With that said, we have confirmed that the search engines are still able to index and use the PDF title with these settings in place. We're making the assumption that the title may not be considered part of the metadata and is exempt from the warning message (any thoughts?). The third party has not completed any other metadata fields except for author. Subject, keyword, description, etc. have all been left blank.
Does it make sense to complete all of the metadata of a Version 5 PDF with 40-bit encryption enabled or will it be inaccessible and not worth the effort as reported by the warning message?
Any insight would be greatly appreciated. Thanks.
Posted 14 July 2006 - 03:00 PM
ME: My experience is it's not worth the effort.
Frankly, it seems counter-effective.
Here's an idea: You could also place the protected documents on PRWebPhotowire.com, and add the metadata as a wrapper around the PDF. In the description of the attachment on PRWebPhotowire, place a link in the description back to the page where the PDF resides (or to the actual PDF). Use PRWeb's link format, link.com [anchor text].
Now you have rich meta, social tagging and a high-traffic, high visibility platform to push your otherwise invisible content into the webspace.

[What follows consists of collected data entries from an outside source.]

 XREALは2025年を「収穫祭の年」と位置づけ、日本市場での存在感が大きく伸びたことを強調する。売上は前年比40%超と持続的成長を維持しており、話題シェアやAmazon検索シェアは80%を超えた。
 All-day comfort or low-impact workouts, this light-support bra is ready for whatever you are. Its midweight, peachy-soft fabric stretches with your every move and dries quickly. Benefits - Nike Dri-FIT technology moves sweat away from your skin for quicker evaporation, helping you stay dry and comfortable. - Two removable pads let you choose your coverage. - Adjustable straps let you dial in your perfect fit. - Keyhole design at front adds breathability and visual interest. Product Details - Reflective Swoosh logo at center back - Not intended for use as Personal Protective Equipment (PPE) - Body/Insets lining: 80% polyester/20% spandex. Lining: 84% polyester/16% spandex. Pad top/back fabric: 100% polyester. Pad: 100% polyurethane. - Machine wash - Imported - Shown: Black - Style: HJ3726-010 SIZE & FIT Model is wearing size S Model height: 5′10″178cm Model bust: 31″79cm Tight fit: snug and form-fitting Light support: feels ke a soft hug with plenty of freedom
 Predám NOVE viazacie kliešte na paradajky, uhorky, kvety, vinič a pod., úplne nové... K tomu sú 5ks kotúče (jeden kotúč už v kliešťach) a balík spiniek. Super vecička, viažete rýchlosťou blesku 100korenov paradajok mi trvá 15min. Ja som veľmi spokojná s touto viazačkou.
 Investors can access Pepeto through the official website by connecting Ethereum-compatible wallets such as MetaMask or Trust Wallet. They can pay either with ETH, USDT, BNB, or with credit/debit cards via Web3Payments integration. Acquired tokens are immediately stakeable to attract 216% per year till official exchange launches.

Make sense? I'm not exactly sure that you're looking to get the message out, but it would seem that if you can't work with the PDF's internal meta, you can certainly express it using an external wrapper.
I hope that's useful info.
Edited by Randy, 14 July 2006 - 03:56 PM.

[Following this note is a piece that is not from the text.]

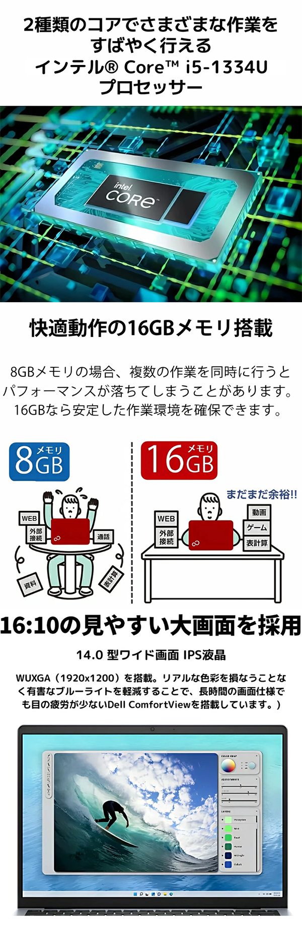 - 【ディスプレイ】14.0インチ, 16:10, FHD+ (1920 × 1200), 非光沢, 非タッチ, 300 nits, WVA/IPS, ComfortViewサポート搭載

Posted 14 July 2006 - 04:01 PM
It's an interesting question and one I don't know the answer to.
Since my previous test was long ago and far away and since I was working with Live documents and didn't want to mess with them too much I've decided to run another little test. This time I'll do it strictly with test documents and test several things: Editable and Read Only text fields, each of the normal meta data fields and also some various security settings.
I'm off to construct the test pdf's and upload 'em to my personal site. Somebody remind me to check back in a week or so to see if they've been spidered yet by the various engines.
<edit to add>
FTR, I won't be able to test with Acrobat Version 5. The farthest I can go back is 6. But I'm reasonably sure if the engines can read the meta information from Ver. 6 they should be able to read Ver. 5 as well. To my knowledge Adobe hasn't changed much if anything in the meta information construct since Version 4.
Posted 14 July 2006 - 04:18 PM
And, many thanks Randy for the welcome and for running some tests. I'll be very curious to see the results.
Posted 21 July 2006 - 08:10 AM
Posted 21 July 2006 - 09:14 AM
I also just realized that I don't have a series of test pages that have a Master password set, but no User-level password. I've got some with a User password only and some with both Master and User, but I forgot the Master only. I'll whip of some of those and get them uploaded this morning.
Very early results are:
It appears that MSN is still not indexing or doing anything with the META information. They're pulling stuff right from the page if the text is in a certain format. This doesn't surprise me much since it's something I've seen before. I need to devise a test to sort out exactly what kind of text they'll index in a pdf file, because it's something different than creating text field via Acrobat. I thnk I'll try making some test files in Word, then converting those to PDF format to see what happens.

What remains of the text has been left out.